Boy In The Water the latest album from John Patrick Halling is an interesting Americana folk-rock sound that evokes the more countryside of Ryan Adams and some of the early albums from M. Ward. There are six songs where Halling is backed by a band and the final song which showcases him alone and where he really shines.
“Siren Song” opens the album with a guitar that’s very upfront before being joined by mandolin and fiddle nodding a bit to some of the “American Beauty” Grateful Dead feel. The song is an interesting folk song but is obscured a bit by the mix as well as some really out of time drumming. “Misfit Toys” follows with an interesting verse but a chorus that doesn’t quite reach beyond the excitement of what’s happened before (and also some more out-of-time cluttered-ness from the band).
Things pick up quite a bit with “Downtown Blues” which shows off some deft electric guitar leads throughout. The song also features some nice builds and dips in the energy giving it a barroom electric Chicago blues sound. ‘Ballad Of a Gypsy Queen” has some nice west coast surf guitar along with some organ. The melody is nice and really opens up in the chorus.
“Jorogumo” has some disturbingly great metaphors in the lyrics and some good backing vocals. The drum part is interesting and builds throughout. “Bummer, Bummer” has a really catchy melody (though a bit wordy in the chorus), some chime-y guitars, pulsing bass line, and features the best mix of the “band songs” on the album.

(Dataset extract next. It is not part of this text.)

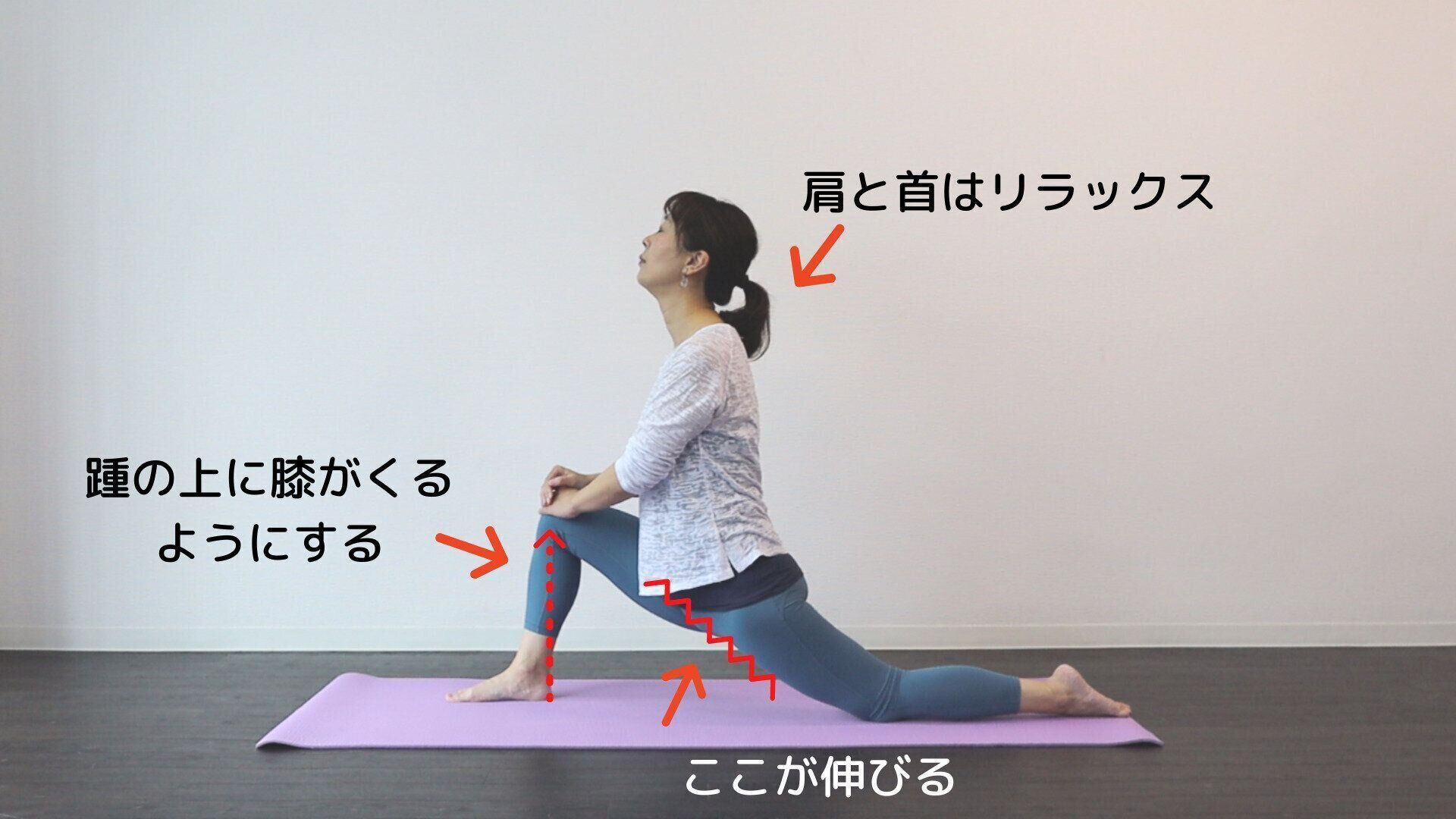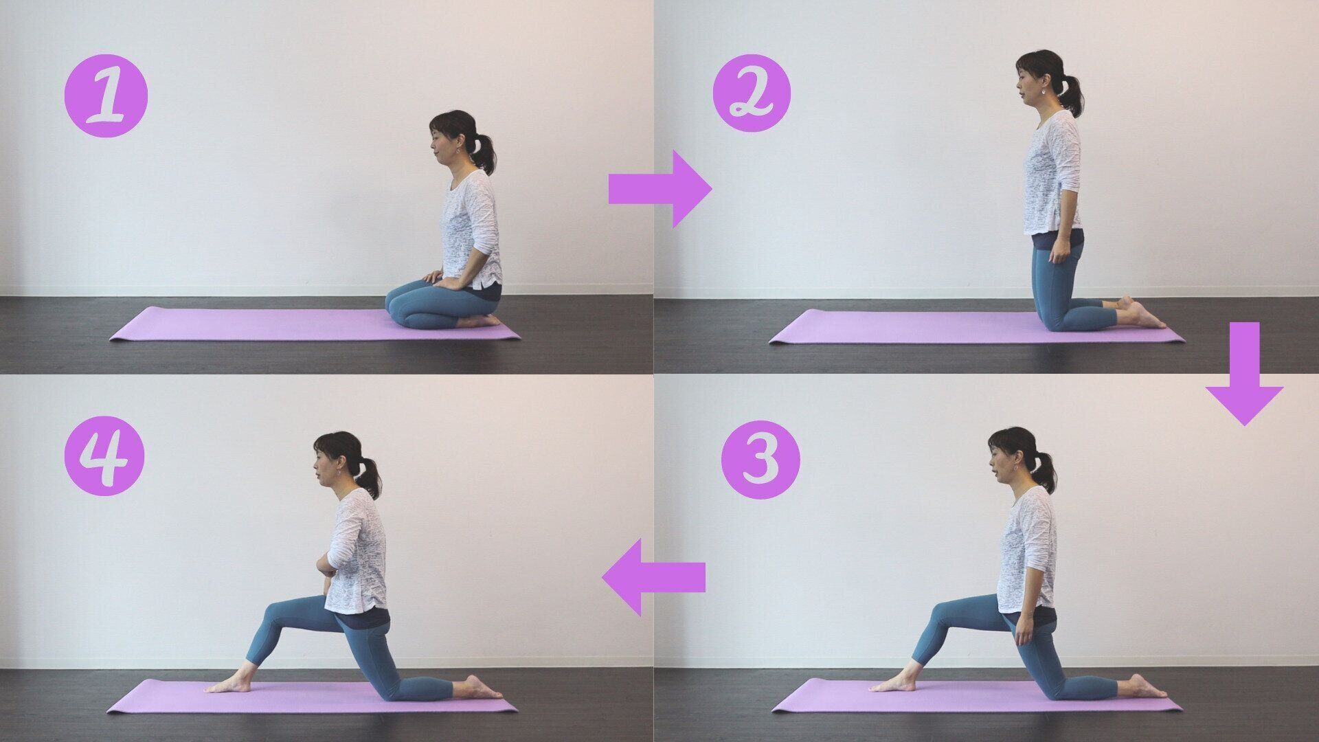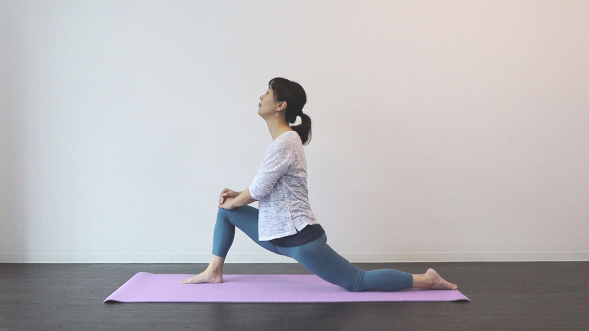 足のつけ根とお腹を伸ばす「三日月のポーズ」をご紹介しました。

“If I Would’ve Known” closes the album with Halling alone with his guitar singing a very intimate and moving song about missed opportunity. Without the band surrounding him, the lyrics and melody really shine through; it’s the best song on the album. It would be interesting to hear some of the other songs stripped down like this.
Overall the album features some nice songs and Halling has a unique likeable singing voice. It feels a bit cluttered throughout, however with some of the arrangements and some simplifications it could really let some of the songs reach some new heights (as he does on the closer).